The following article by Kristine Phillips was posted on the Washington Post website August 13, 2017:
President Trump condemned “hatred, bigotry and violence on many sides” in addressing the riots in Charlottesville on Saturday, when hundreds of white nationalists, neo-Nazis and Ku Klux Klan members who planned to stage a rally clashed with counterprotesters.
“The hate and division must stop. And must stop right now,” Trump said, reading a prepared statement at his resort in Bedminster, N.J. “We condemn in the strongest possible terms this egregious display of hatred, bigotry and violence on many sides. On many sides.”
He did not say which “sides” he was referring to, or whose hatred and bigotry he was condemning. He did not call out white nationalists or white supremacists, even after a car plowed into counterprotesters, killing one and injuring 19.
Trump’s comments, while praised by the well-known neo-Nazi Daily Stormer website, were met with widespread rebuke, even from members of his own party. Some were quick to point out that when triggered, Trump usually reacts swiftly and specifically, typically on Twitter.

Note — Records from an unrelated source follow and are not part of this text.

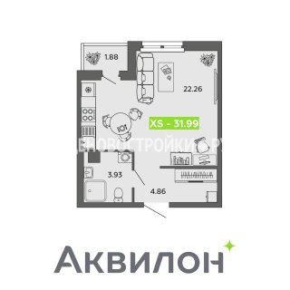 СтудияПлощадь: 31.99м2
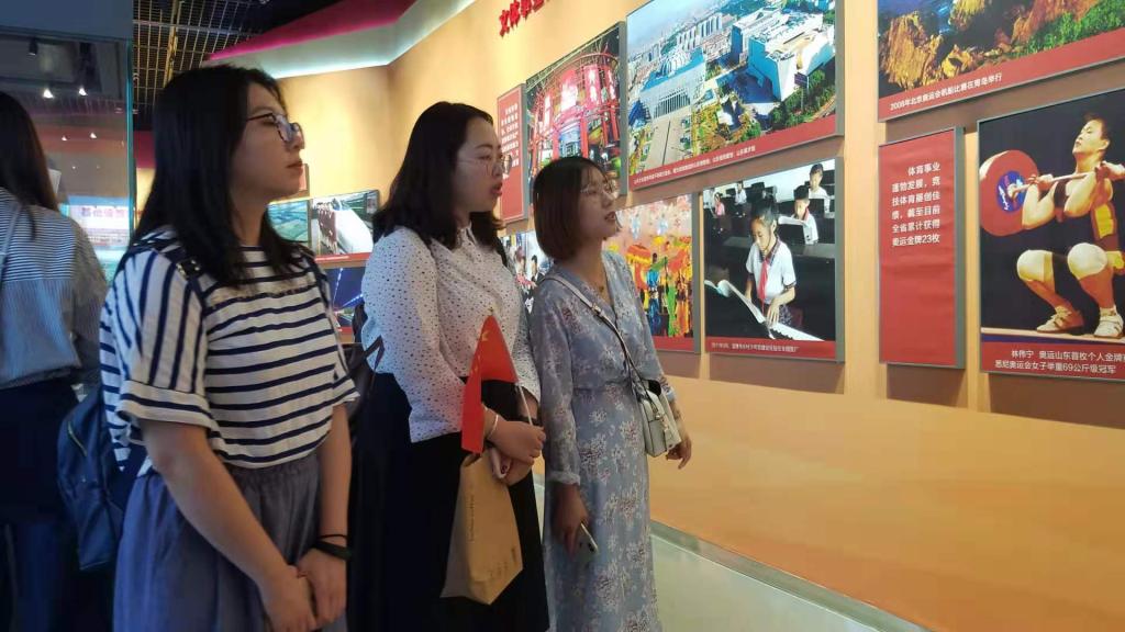 成就展分为主题大厅、奋进的山东、美好生活·未来已来三大展区,以600余张典型图片、10部视频、百余组具有代表性的实物和文件资料、360度沉浸式大型环幕等展项全方位地介绍了建国70周年以来齐鲁大地的栉风沐雨、乘风破浪和春华秋实,展示了齐鲁儿女在波澜壮阔的社会主义革命和建设中创造的翻天覆地的巨大成就,突出了“奋进”这一主题。早上9点入馆,大家就被主题展厅大气恢弘的红色国庆主题氛围所感染了,看照片、读说明、听讲解,在时代楷模英模、弘扬“沂蒙精神”等展板前大家纷纷拿出相机手机留下珍贵影像,在360度沉浸式大型环幕、智能机器人等高科技成果前进行参与体验,在经典电影展映和电影海报展览现场师生间互动交流,在“复兴号”中国动车组、“蛟龙号”载人深潜器等大国重器前久久驻足……“看着老照片,对比一下我们现今的生活,变化真的太大了!是一代代中国共产党人所坚持的初心和使命让我们走上了富裕之路。”支部成员李珊珊对着一组组历史资料发出了感叹。70年栉风沐雨,70年砥砺前行,70年春花秋实,大家对山东从百废俱兴、艰苦创业到勇立潮头、砥砺前行直至今天走在前列、全面开创的强省建设之路有了更鲜明的认识。
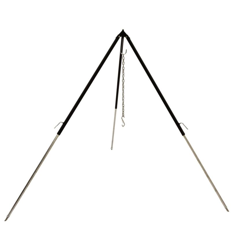 GROUND-DRIVEN ARMS - Driven arms ensure the tripod is stable and securely placed in the ground, even on uneven terrain. This prevents the stand from shifting while cooking over the fire.
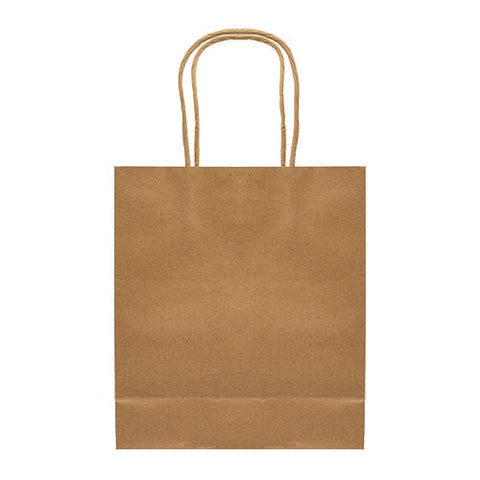 This medium-size kraft paper bag is recyclable and features color-match twisted paper handles that make it easy to carry, while showing off a 1-color silkscreen imprinted logo on your choice of 4 great colors. Complies with Prop 65. 7.5" W x 8.3" H

But not Saturday, when one of the sides that perpetrated violence did so while invoking his name, and when he didn’t tweet until several hours into the riot.
By Sunday morning, Trump’s eldest daughter, Ivanka, tweeted a reaction with a level of specificity that was absent in her father’s statement:
Several Republican lawmakers have either called out Trump or issued statements singling out white nationalists and white supremacists.